Немного закусив еще, Андрей вытер ладонью усы и бороду, усмехнулся и продолжал:

– А знаешь, сват, какое дело у меня было? По-свойски я тебе уже расскажу.

Не очень-то хотелось папаше слушать пьяные басни новоявленного “свата”, он уже посматривал в окно: не идут ли бабы из бани, однако согласился:

– Ну-ну, расскажи.

И Андрей рассказал.

– А вот, сват, натрепал я льна шесть головок и повёз этот лён в Морозы. Продал и… запил… Всё пропил! И лён… и армяк… А потом кобылу… и дровни… Пришёл домой пешком… И ни копейки денег…

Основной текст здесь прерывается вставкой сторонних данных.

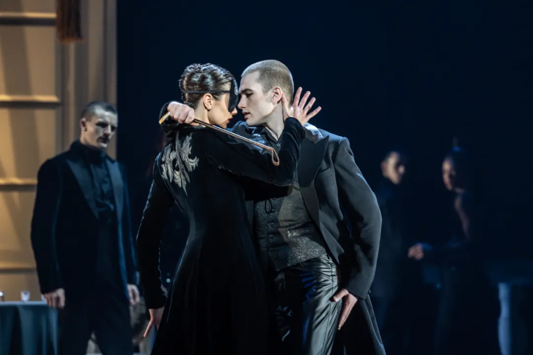 馬修在男鵝與王子的雙人舞段中,精妙運用了動作主題的變奏與復調結構:動作在不同段落中重複、變形、再現,使身體語言身體語言不僅承載情感,更參與敍事推進。
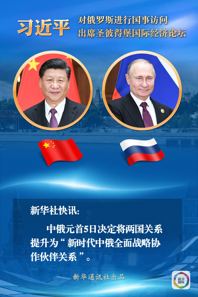 新華社快訊:中俄元首5日決定將兩國關(guān)系提升為“新時(shí)代中俄全面戰(zhàn)略協(xié)作伙伴關(guān)系”。
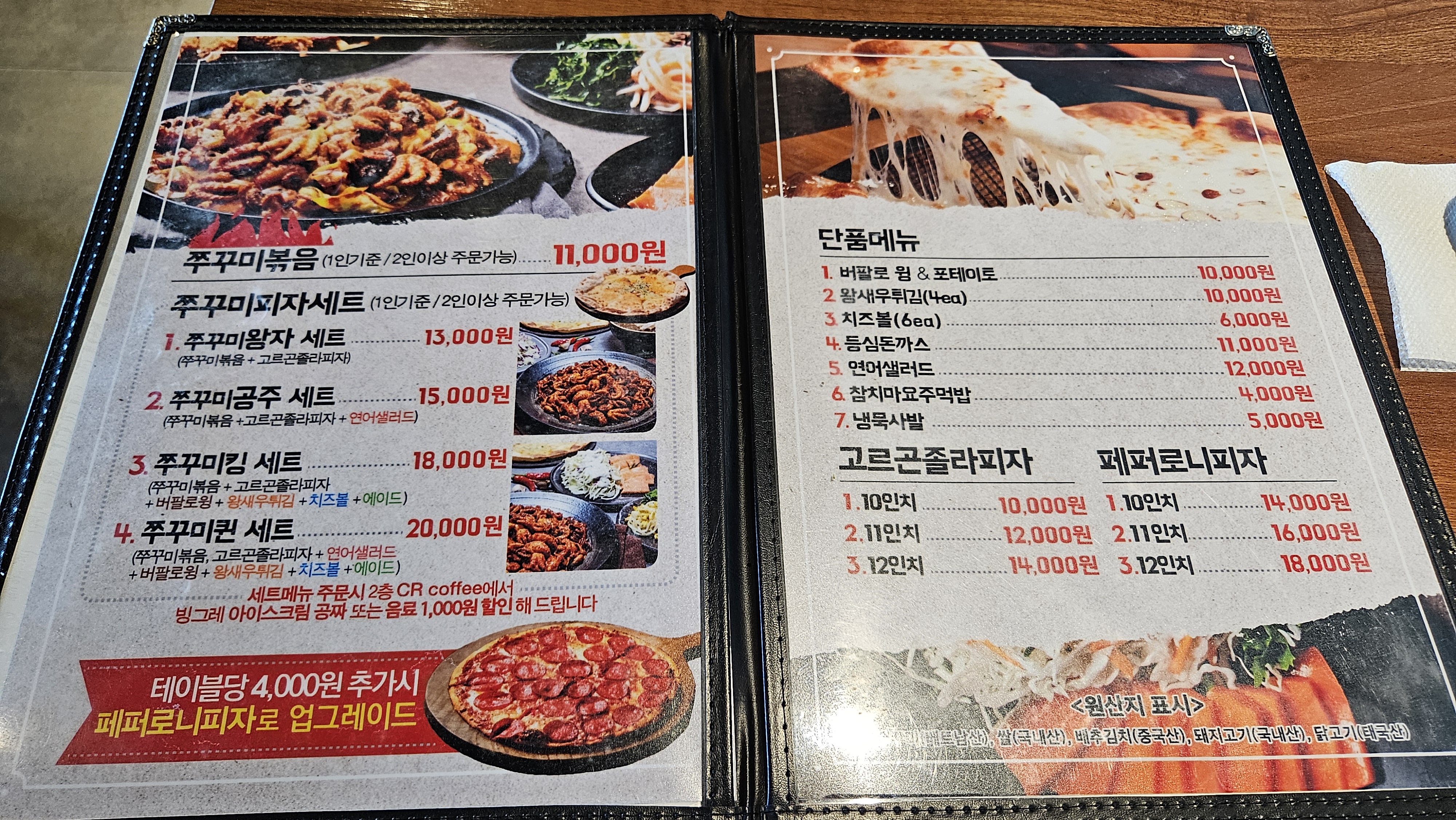 쭈꾸미 왕자세트(쭈꾸미볶음+고르곤졸라 피자) 13,000원
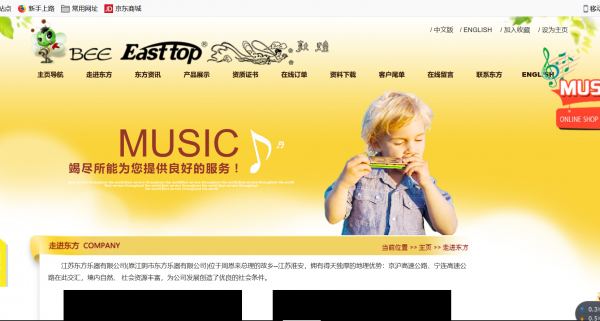 江蘇東方樂器有限公司(原江陰市東方樂器有限公司)位于周恩來總理的故鄉--江蘇淮安,擁有得天獨厚的地理優勢:京滬高速公路、寧連高速公路在此交匯,境內自然、 社會資源豐富,為公司發展創造了優良的社會條件。東方樂器創建于1997年,目前有400多名員工,下設三個口琴生產基地,分別生產不同檔次,不同品質、不同品牌的口琴、口風琴和豎笛、鈴鼓等樂器。公司采用先進的自動化設備生產和精良的測試手段,進口的點焊設備和音準儀器,確保產品符合生產標準,品質是我們的核心要素,確保產品質量、產量不斷提升。目前,東方樂器經過精心打造的EASTTOP品牌口琴,品種齊全,產品豐富。復音、半音階、布魯斯、中音、重音、貝斯、和弦、笛聲等口琴,具有音色優美,極富表現力和使用壽命長的特點,受到越來越多的口琴演奏家的青睞,可以和進口產品相媲美,很多出名的口琴團隊已經整團隊采用東方產品,替代進口口琴,收到極佳的演出效果。

– Ну, а дома-то что? – спросил папаша. – Это ж беда какая!

– Вот: беда! Беда!.. А ить Дуня-то мне слова не сказала. Мне! Жёнку-то мою, Дуню, знаешь?

– А как же? Знаю.

– Ну вот. Хыть бы слово!.. Рада, что сам пришел, во! А что всё пропил – ни слова… Во какая у меня Дуня!

– Наверно, сказать нельзя? – вмешался тятяша.

Андрей оживился:

– Нельзя! А ить я сам себя готов убить: подумать только! Считай, всё хозяйство решил. Хыть вешайся.

– Да-а, – покачал головой папаша.

Пришли бабы. Папаша сказал:

– Ты, Андрей Савельев, прости, а я схожу попарюсь.

– В байню-то? А знаешь, сват, и я с тобой… А то мне …не! А то тебе одному грустно… Ты одевайся, а я вперёд пойду.

Андрей встал, надел шапку и пошел за дверь. Пока папаша собирался, Андрей успел выйти за сарай и направился не в нашу, а в бобкину баню. Почему-то она не была истоплена в тот день. Может, на день раньше топили, или суббота была недавно.

И вот Андрей с пьяных глаз пришел в холодную баню, разделся и сел на полок ждать папашу. Папаша тем временем попарился и помылся в своей бане. Про Андрея, который ему не очень был и нужен, подумал, что тот ушел к Мишиным. Однако на обратном пути увидел следы на снегу, которые вели к бобкиной бане, и пошел по ним. Нашел одежду Андрея в предбаннике и, всё поняв, расхохотался.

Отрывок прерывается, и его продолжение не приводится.